(AFP) MOSCOW — Palestinian Authority President Mahmoud Abbas was in Moscow on Saturday to meet with Vladimir Putin, just days after the Russian leader hosted Prime Minister Benjamin Netanyahu.

“I’m glad of the opportunity to tell you about the contact we have had with your neighbors, and leaders of various countries,” Putin told him as they met at the Kremlin, in quotes carried by Russian agencies.

“I know that the situation in the region is difficult and we are grateful that you have used the World Cup as a reason to come to Moscow,” Putin said, adding that he was glad of the opportunity to discuss the problems facing the Palestinians.

Abbas told the Russian leader of his concerns over US President Donald Trump’s decision to move the country’s embassy to Jerusalem, as well as Israeli settlement activity.

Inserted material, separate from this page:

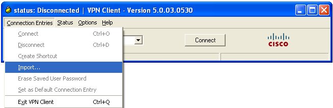 wählen Sie Import im Menü Connection Entries und stellen Sie den Ort der zuvor heruntergeladenen Datei lrz.pcf ein.

“We are resisting attempts by the Americans to impose their decisions on the most sensitive problems of Palestine,” Russian news agencies quoted him as saying in translated remarks.

The talks came as Palestinians in Gaza fired dozens of rockets and mortar shells into Israel and the IDF bombed dozens of Hamas targets in the widest day-time air strikes since the 2014 war.

Abbas has been imposing sanctions on Hamas in a bid to force the terrorist group to give up control of the coastal enclave, which it seized from Abbas’s Fatah group in 2007.

There was no word on whether Abbas discussed Gaza with the Russian leader.

Netanyahu was in Moscow on Wednesday, where the situation in Syria was the main focus of his meeting with Putin.